TRIS Rating affirms the company rating on Land & Houses PLC (LH) and the ratings on LH’s existing senior unsecured debentures at “A+”. At the same time, TRIS Rating assigns the rating on LH’s proposed issue of up to Bt7,000 million in senior unsecured debentures at “A+”. The proceeds from the new debentures will be used to finance operations and acquire land.
The ratings reflect LH’s leading market position in the residential property development industry, strong market positions in several product types, and moderate level of financial leverage. The ratings also take into account the financial flexibility the company derives from assets that produce recurring income, a high level of marketable securities on hand, and the cyclical and competitive nature of the residential property development industry.
LH is one of the leading property developers in Thailand, ranking in the top three in terms of revenue. Operating revenue was Bt35,265 million in 2017 and Bt34,686 million in 2018. In the first quarter of 2019, the company recorded operating revenue of Bt7,062 million.
LH had 75 active projects as of March 2019. The total value of the unsold units (including built and un-built units) across all 75 projects was Bt67,358 million. Landed property projects accounted for 72% of total value of the unsold units, while unsold units in condominium projects made up the rest. LH has a backlog worth around Bt10,000 million. The units in the backlog are expected to be transferred to buyers during 2019-2021.

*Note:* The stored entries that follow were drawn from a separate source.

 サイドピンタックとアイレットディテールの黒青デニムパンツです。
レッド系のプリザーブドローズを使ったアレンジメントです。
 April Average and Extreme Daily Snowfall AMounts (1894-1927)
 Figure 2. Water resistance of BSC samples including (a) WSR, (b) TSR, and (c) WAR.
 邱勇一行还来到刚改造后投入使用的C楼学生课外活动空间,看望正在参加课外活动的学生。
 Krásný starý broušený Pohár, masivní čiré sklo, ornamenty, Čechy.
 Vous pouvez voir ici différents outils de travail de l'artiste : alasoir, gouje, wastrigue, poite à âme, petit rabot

LH’s operating margin (operating income before depreciation and amortization as a percentage of revenue) ranged from 23%-27% during 2016-2018; it was 24% in the first quarter of 2019. Going forward, profitability might soften due to the rising cost of land and intense competition in both the landed property and condominium segments. However, we expect the operating margin will remain above 20% during 2019-2021.

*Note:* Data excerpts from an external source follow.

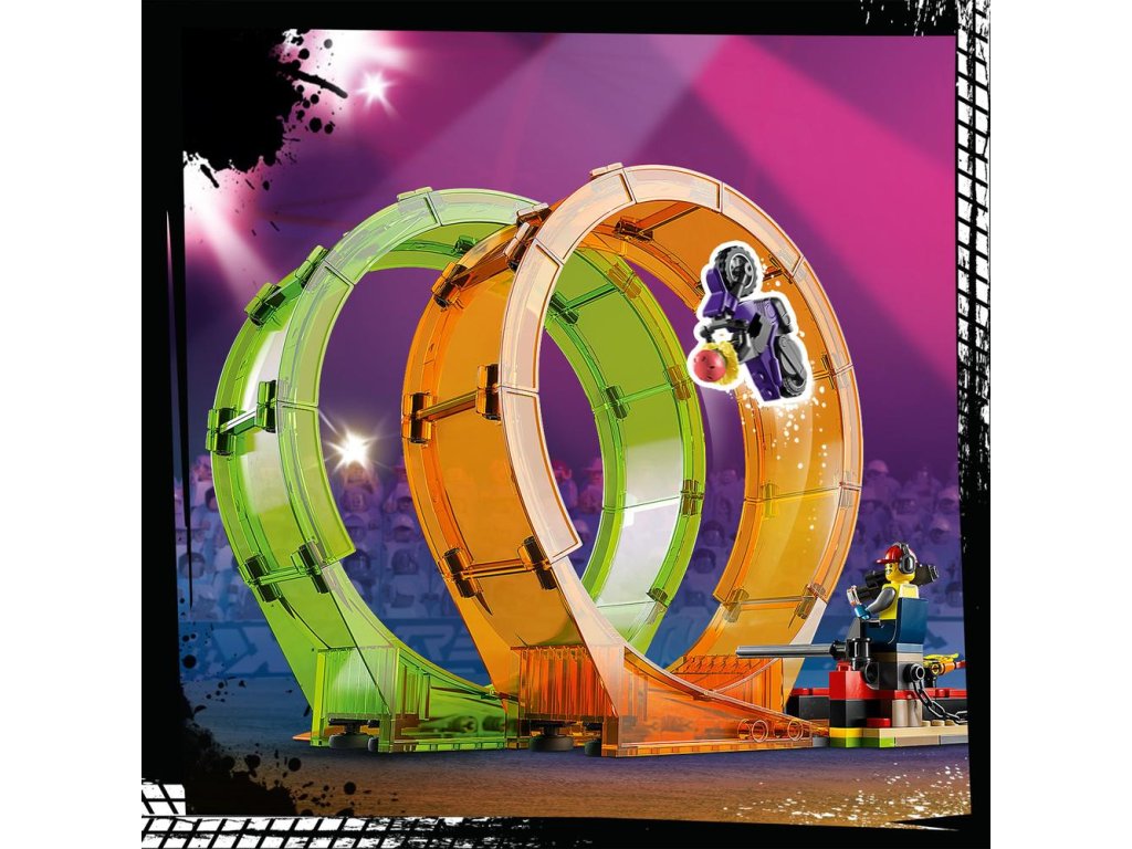 Stavebnice LEGO® City Kaskadérská dvojitá smyčka (60339) nabízí řadu zábavných prvků – obsahuje 2 kaskadérské motorky se setrvačníkem a monster truck s rampou pro předvádění skutečných triků. V aréně dále najdete ohnivou stěnu, smyčku s hadí tlamou, ohnivou smyčku a řadu doplňků. O úžasnou závodní atmosféru se pak postará 7 minifigurek, mezi kterými nechybí 2 kaskadérští jezdci.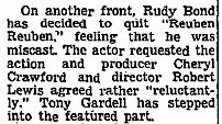 Appeared in "Boy Meets Girl" at the Playhouse in the Park, Phila, July 12-18. Robert Preston was the lead. Rudy played a character named Cutter. Other actors included: Leon Janney, Georgiann Johnson, Addison Richards, Kenneth Nelson, Earl Rowe, Val Avery, Sarah Meade, Jeanne Grace McHenry, Jerry Weiss, Marty Lahr, Priscilla McBrearty, Dan Prince, Steen Rondum, Kenneth Printz, Chuck Vogel, Claire Harootunian, Bernard Van Dieran, Albert Ottenheimer.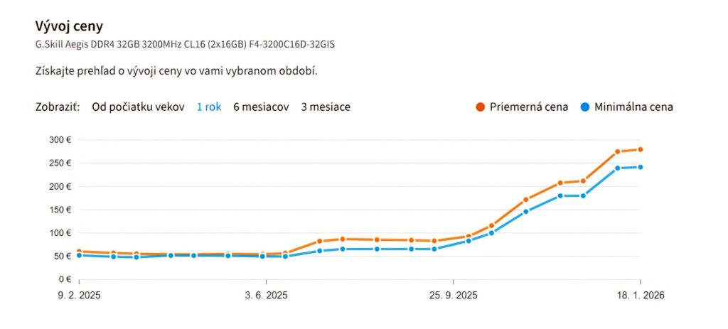 Situácia sa skomplikovala v čase technologickej zmeny, ktorú umelo urýchlila AI horúčka. Staršie pamäte DDR4 (v ponuke od roku 2014) stále tvoria základ väčšiny domácich a firemných PC. Hoci prechod na novší štandard DDR5 začal už pred rokmi a ceny DDR4 stihli klesnúť na svoje historické minimá, v roku 2025 nastal zlom. Výsledkom je paradoxné zdraženie starej technológie: ceny modulov medziročne vzrástli podľa dát Heureky takmer 5-násobne. Najpredávanejšia operačná pamäť DDR4 totiž pred rokom stála zhruba 50 eur, pričom dnes je to vyše 240 eur.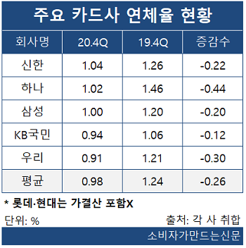 이외에도 신한카드의 지난해 연체율은 1.04%로 전년 1.26% 대비 0.22%포인트 감소했고 삼성카드와 KB국민카드도 지난해 연체율이 1%와 0.94%를 기록하며 전년 대비 각각 0.2%포인트 0.12%포인트 감소했다.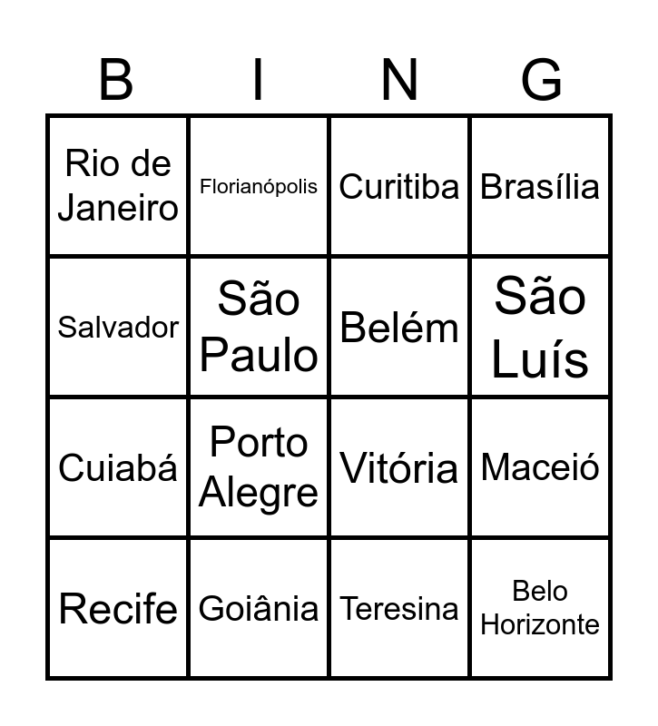 This bingo card has 16 words: Goiânia, Maceió, Curitiba, Rio de Janeiro, Cuiabá, Florianópolis, Vitória, Teresina, Salvador, São Paulo, Recife, Brasília, Porto Alegre, São Luís, Belém and Belo Horizonte.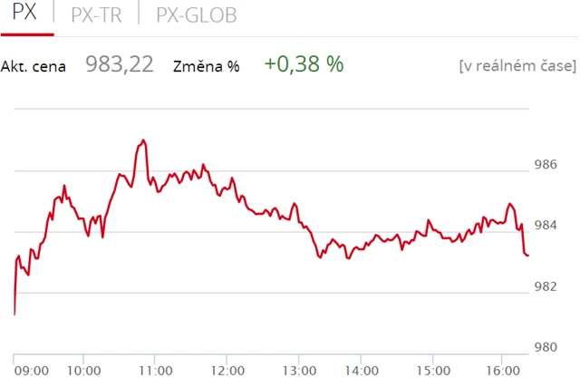 Pražská burza se v úterý odrazila od pondělní ztráty, když index PX zpevnil o 0,38 % na 983,22 bodu. Nahoru burzu táhly akcie polostátní společnosti ČEZ a tabákové firmy Philip Morris ČR, výrazně naopak ztratila pojišťovna VIG. Objem obchodů byl s 579 miliony korun podprůměrný.

LH has a moderate level of financial leverage. The debt to capitalization ratio was 47%-48% during 2016-2018. The debt to earnings before interest, tax, depreciation, and amortization (EBITDA) ratio ranged between 3-4 times during 2016-2018. In the first quarter of 2019, the debt to capitalization ratio stayed at 47% while the debt to EBITDA ratio was 3.9 times. LH’s debenture covenant limits the net interest-bearing debt to equity ratio at 1.5 times. As of March 2019, the ratio was below the limit at 0.82 times.

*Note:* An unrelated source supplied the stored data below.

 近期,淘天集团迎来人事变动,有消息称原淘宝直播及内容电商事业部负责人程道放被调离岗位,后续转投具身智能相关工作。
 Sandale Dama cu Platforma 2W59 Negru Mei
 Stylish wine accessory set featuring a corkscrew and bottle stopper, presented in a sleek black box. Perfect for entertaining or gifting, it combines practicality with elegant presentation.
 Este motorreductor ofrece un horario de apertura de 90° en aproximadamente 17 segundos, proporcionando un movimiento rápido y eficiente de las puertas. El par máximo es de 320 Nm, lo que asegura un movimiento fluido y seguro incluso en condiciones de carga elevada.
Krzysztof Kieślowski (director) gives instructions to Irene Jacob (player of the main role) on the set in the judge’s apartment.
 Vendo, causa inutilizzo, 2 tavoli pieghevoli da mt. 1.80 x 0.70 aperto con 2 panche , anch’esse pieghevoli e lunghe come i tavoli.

We view LH’s liquidity as adequate. The ratio of funds from operations (FFO) to total debt hovered around 20% while EBITDA interest coverage ratio ranged from 7-9 times during the last three years. In addition, the company has a sizable investment portfolio of marketable securities. The sizable portfolio provides financial flexibility. The total fair value of the investment portfolio was approximately Bt85,000 million as of June 2019. LH receives around Bt2,000 million per annum in dividend from the investment portfolio.
RATING OUTLOOK
The “stable” outlook reflects our expectation that LH will sustain its strong operating performance, acceptable financial position, and competitive market position. TRIS Rating forecasts operating revenue will stay above Bt32,000 million per annum during 2019-2021. The debt to capitalization ratio is expected to remain below 50% and the interest-bearing debt to EBITDA ratio should stay below 5 times.
RATING SENSITIVITIES
LH’s ratings and/or outlook could be revised upward should its capital structure improve significantly from the current level. For this to happen, the interest-bearing debt to EBITDA ratio would need to fall below 3 times on a sustainable basis and the company will need to maintain strong operating results. In contrast, the ratings and/or outlook could be revised downward should LH’s operating performance and/or financial position deviate significantly from our projections.